Exercise prompt
For each line below that holds the string "исследования", add one to a tally; report that tally alone.

The data
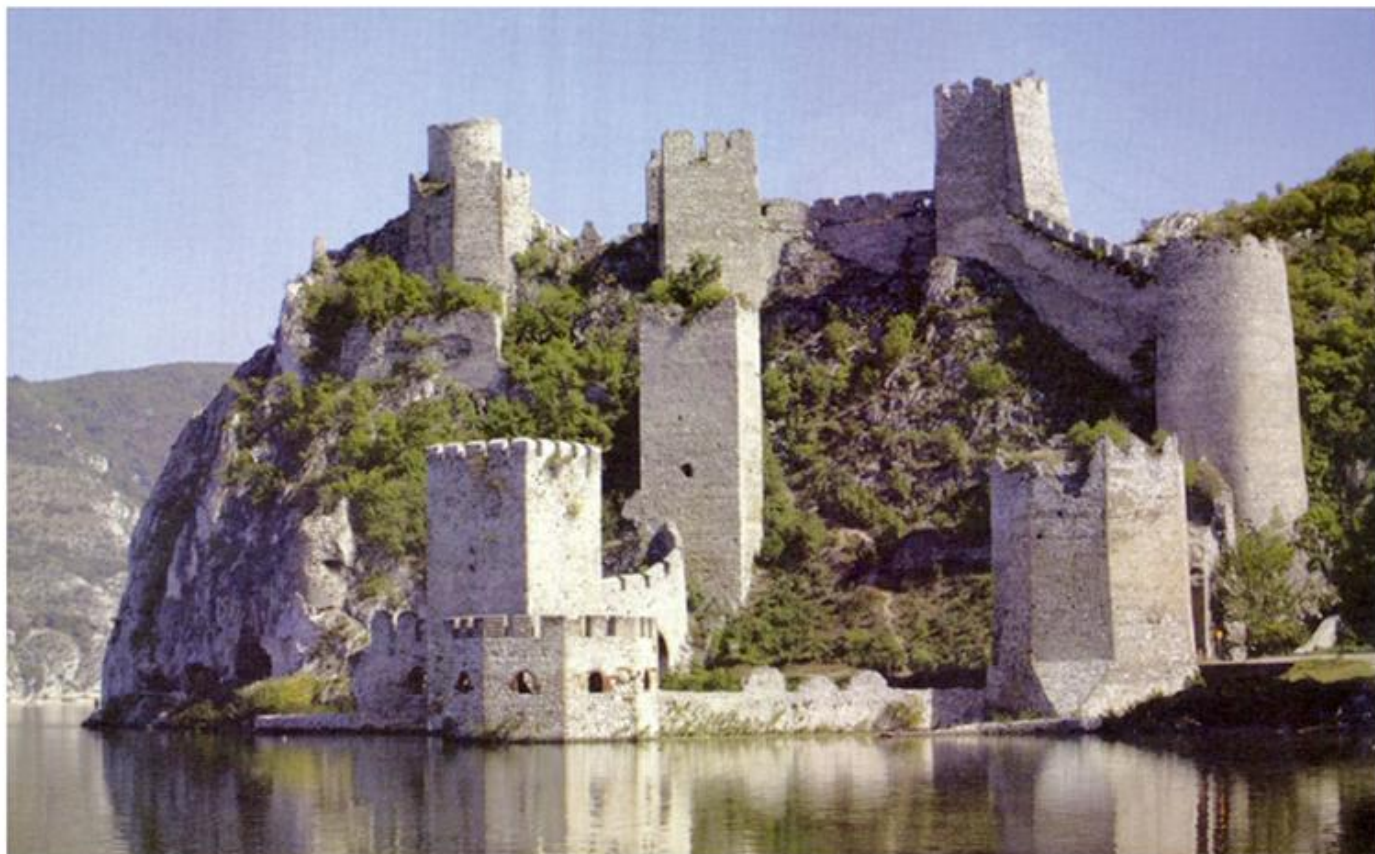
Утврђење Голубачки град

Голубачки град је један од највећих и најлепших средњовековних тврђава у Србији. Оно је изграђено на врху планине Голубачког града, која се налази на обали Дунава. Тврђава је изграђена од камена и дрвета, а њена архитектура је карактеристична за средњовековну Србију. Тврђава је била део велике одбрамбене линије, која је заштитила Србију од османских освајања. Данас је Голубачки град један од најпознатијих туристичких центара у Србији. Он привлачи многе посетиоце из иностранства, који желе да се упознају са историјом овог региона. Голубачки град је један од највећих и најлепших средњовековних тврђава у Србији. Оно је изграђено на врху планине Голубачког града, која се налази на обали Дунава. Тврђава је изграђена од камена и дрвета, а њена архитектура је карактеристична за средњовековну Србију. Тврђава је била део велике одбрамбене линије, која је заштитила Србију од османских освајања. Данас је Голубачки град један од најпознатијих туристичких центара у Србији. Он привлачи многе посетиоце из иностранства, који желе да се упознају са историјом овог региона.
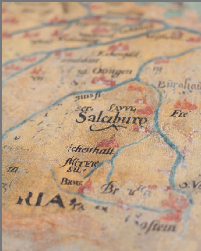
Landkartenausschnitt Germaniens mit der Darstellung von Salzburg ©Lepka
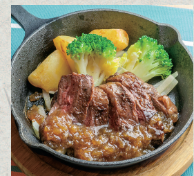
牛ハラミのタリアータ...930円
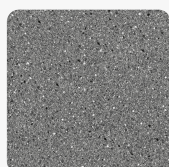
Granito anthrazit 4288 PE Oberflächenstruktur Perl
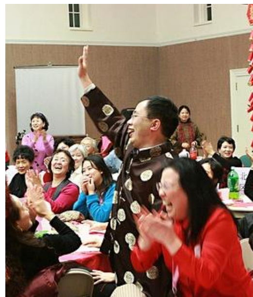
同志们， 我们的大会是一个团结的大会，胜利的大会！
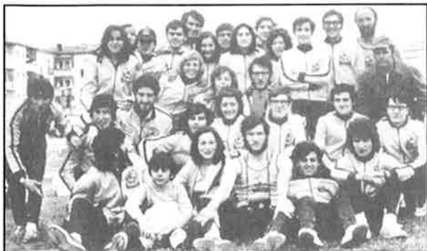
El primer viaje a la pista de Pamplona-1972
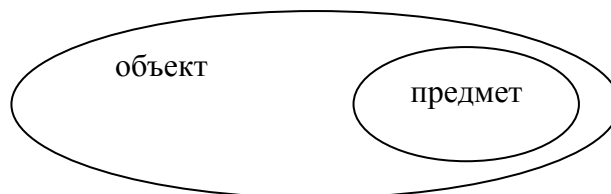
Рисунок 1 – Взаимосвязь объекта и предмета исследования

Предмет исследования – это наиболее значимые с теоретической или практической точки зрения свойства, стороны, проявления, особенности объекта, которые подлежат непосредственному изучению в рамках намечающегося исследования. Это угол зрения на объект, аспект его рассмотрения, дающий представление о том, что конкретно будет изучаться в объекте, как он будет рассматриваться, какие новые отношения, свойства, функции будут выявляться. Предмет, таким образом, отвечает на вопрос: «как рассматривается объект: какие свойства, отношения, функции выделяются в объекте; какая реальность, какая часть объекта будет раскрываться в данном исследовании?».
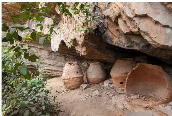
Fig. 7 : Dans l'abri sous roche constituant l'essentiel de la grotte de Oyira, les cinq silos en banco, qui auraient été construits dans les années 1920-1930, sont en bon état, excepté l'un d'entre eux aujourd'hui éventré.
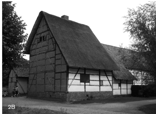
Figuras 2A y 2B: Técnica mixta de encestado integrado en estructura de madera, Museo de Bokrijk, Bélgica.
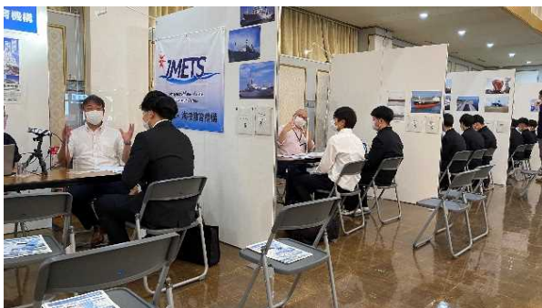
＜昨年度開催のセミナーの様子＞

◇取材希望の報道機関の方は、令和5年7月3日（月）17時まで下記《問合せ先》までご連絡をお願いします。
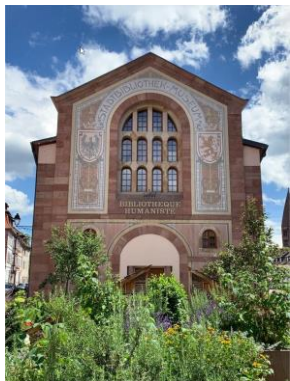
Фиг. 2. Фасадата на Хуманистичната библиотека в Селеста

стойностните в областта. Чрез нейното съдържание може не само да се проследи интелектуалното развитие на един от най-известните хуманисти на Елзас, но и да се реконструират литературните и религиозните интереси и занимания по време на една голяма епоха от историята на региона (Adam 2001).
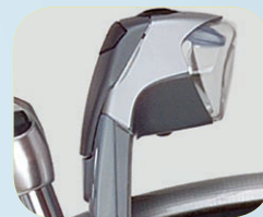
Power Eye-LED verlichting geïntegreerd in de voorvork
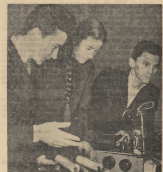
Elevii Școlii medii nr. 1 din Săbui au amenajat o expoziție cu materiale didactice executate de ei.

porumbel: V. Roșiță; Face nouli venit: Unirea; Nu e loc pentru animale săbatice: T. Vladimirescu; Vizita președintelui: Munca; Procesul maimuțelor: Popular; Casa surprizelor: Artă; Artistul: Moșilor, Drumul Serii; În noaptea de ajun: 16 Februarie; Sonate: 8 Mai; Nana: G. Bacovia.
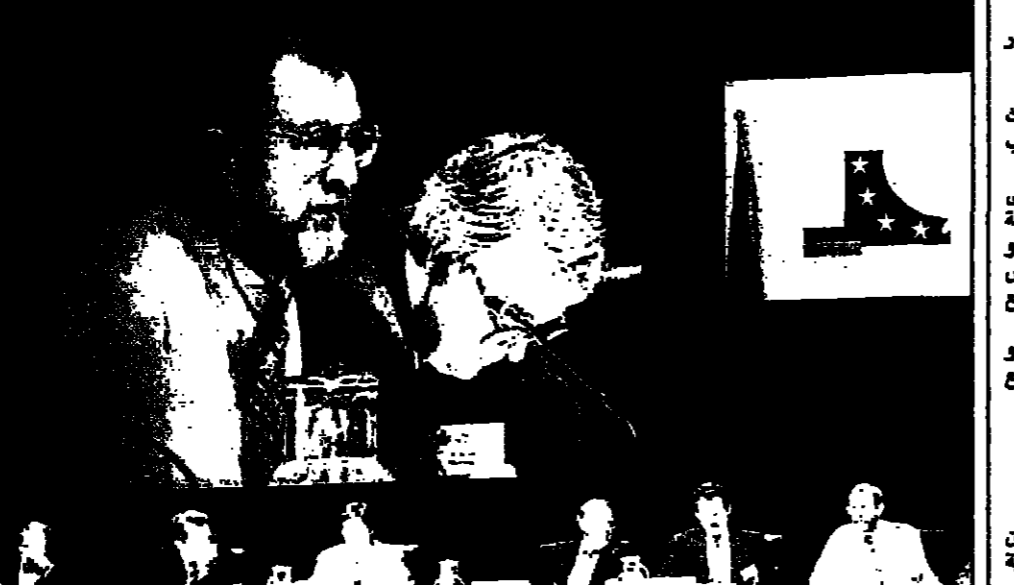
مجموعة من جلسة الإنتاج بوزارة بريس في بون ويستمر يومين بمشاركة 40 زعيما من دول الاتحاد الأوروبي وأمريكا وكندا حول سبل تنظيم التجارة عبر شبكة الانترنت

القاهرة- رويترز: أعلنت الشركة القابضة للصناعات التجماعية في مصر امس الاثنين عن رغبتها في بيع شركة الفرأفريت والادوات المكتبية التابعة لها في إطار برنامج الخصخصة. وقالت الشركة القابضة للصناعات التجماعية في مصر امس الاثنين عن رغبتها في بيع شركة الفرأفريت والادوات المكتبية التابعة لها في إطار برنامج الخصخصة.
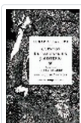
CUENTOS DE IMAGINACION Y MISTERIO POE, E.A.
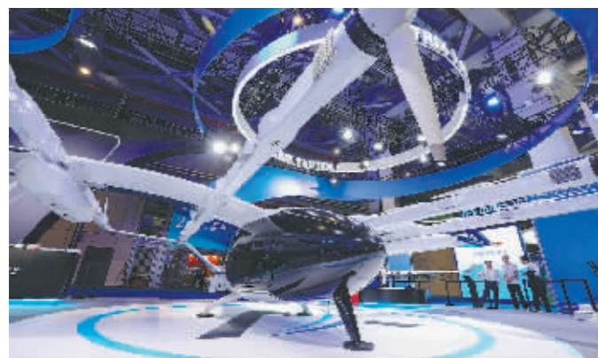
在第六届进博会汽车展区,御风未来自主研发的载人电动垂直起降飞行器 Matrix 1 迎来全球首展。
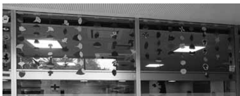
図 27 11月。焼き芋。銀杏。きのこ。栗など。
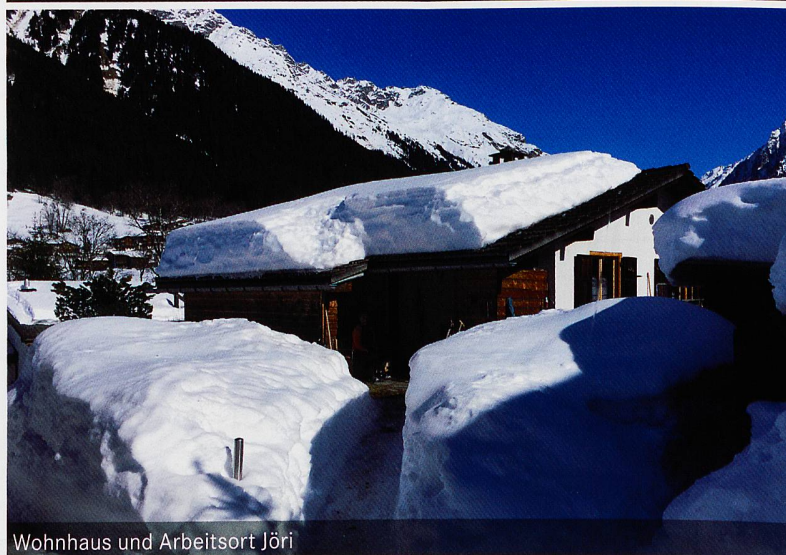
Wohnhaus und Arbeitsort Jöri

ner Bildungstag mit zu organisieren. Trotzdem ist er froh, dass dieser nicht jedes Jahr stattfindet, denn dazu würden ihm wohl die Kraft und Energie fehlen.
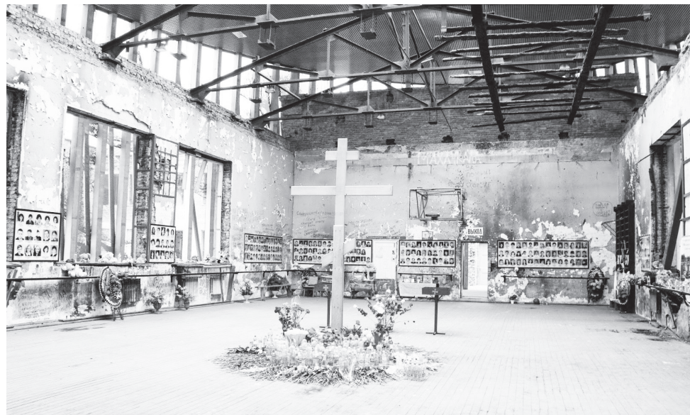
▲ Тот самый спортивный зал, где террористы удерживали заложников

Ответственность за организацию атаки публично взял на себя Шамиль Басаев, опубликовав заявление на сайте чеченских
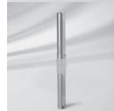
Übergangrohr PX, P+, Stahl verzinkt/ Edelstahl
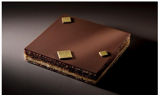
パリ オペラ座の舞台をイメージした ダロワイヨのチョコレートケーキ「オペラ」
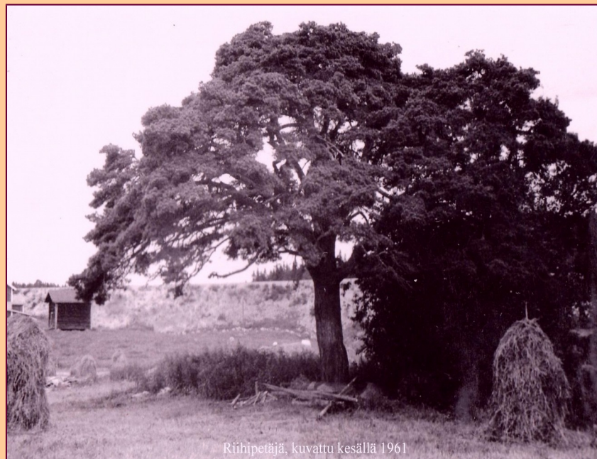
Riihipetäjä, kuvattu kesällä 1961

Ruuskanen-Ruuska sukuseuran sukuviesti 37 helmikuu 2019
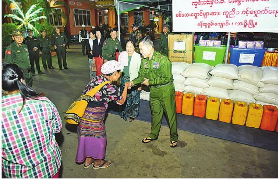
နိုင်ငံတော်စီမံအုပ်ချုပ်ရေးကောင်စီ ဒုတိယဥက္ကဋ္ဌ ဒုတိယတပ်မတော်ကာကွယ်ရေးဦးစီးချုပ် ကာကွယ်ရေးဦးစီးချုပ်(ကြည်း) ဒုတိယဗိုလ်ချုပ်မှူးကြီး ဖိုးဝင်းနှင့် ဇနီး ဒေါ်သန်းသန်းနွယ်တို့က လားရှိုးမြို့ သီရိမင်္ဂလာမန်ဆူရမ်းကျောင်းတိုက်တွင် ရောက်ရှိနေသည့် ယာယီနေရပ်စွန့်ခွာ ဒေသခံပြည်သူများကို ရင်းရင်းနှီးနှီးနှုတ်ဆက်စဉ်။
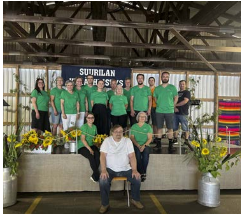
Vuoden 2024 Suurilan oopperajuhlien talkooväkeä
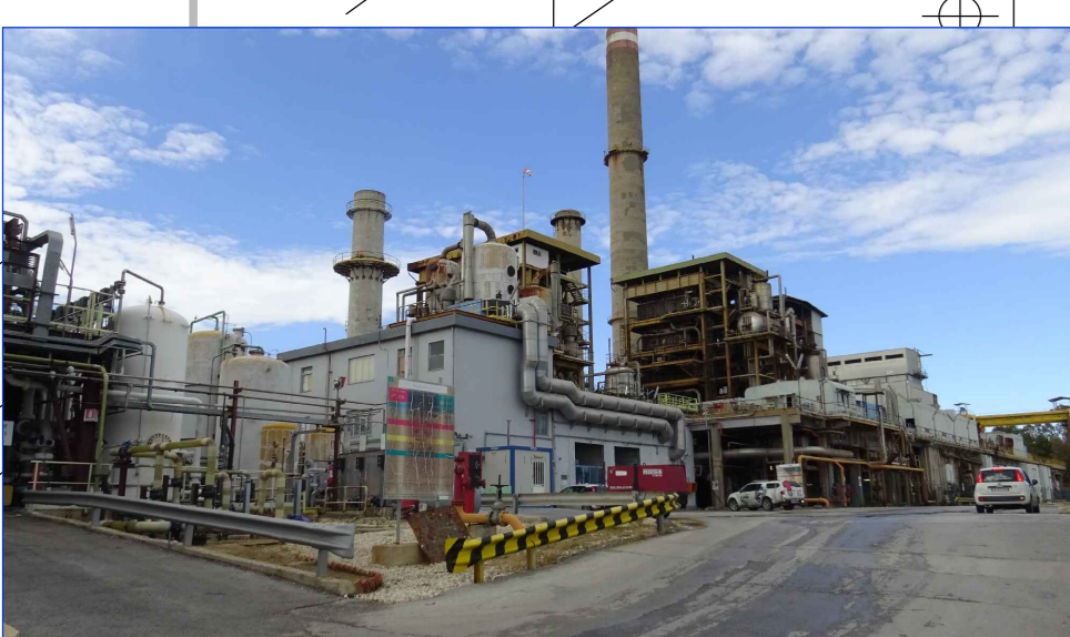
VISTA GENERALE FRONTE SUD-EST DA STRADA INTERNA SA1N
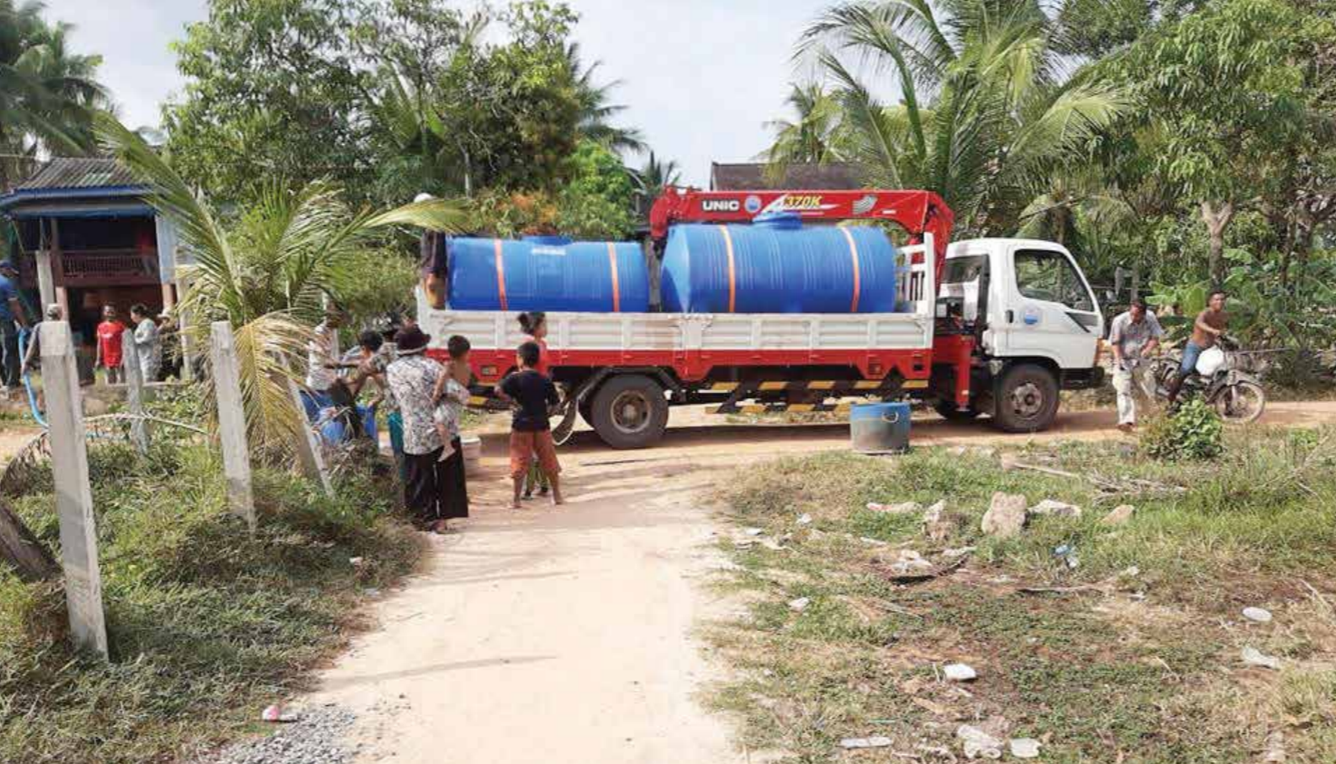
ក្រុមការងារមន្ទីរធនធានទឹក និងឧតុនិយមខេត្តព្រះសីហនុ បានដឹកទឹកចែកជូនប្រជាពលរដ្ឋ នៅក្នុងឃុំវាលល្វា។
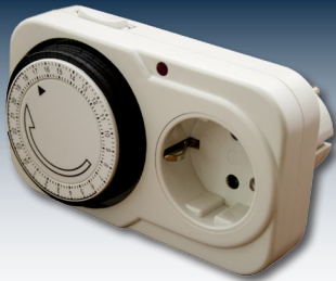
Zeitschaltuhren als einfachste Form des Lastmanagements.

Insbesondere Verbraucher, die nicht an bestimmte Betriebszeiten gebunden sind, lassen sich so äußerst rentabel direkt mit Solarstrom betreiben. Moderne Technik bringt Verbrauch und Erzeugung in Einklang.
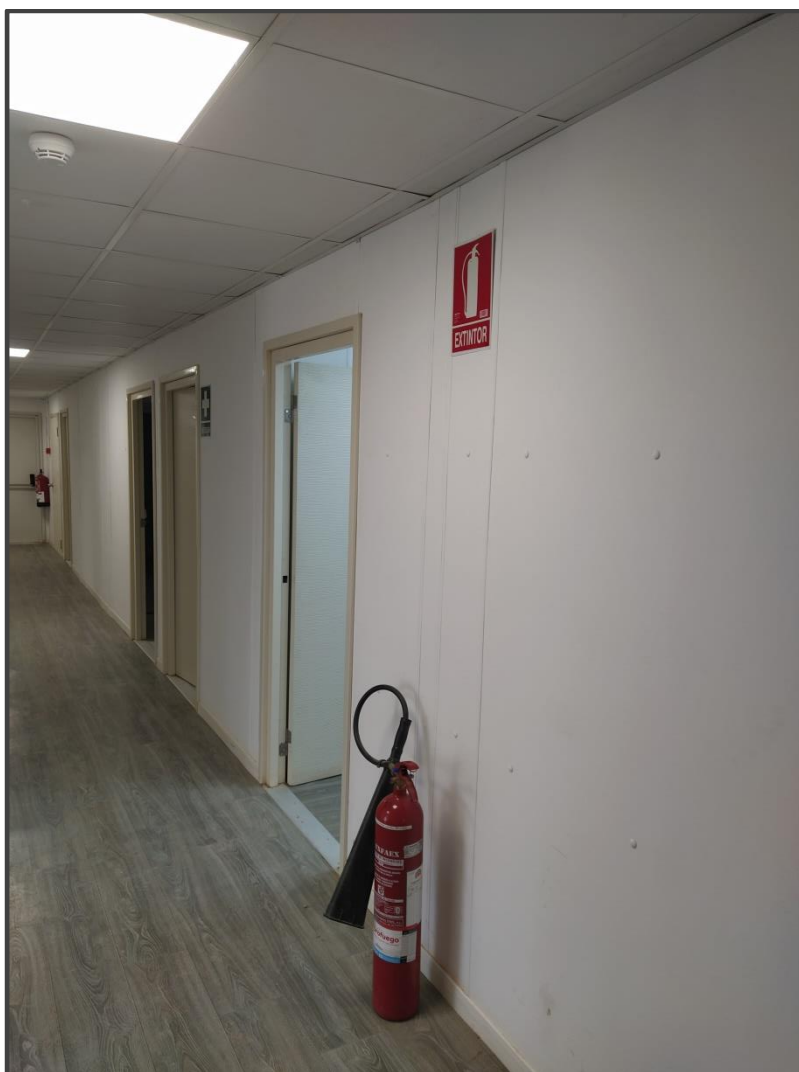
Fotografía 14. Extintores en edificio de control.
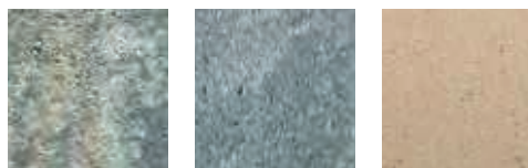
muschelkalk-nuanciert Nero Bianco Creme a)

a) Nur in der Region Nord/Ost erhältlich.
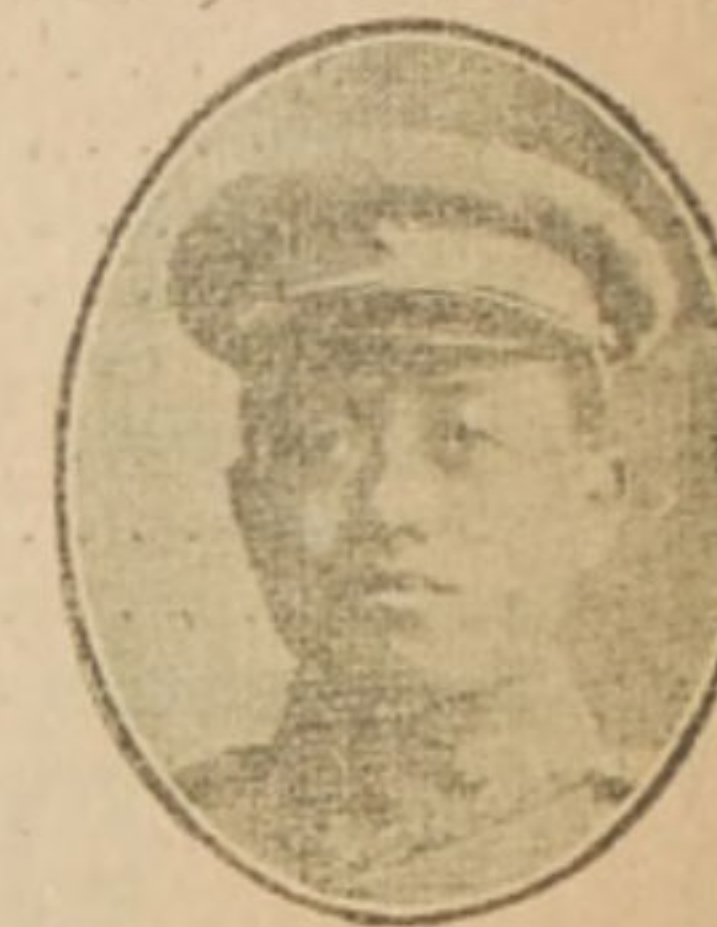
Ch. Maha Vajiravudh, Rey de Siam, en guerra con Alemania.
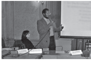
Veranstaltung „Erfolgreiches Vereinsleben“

Response to this task
2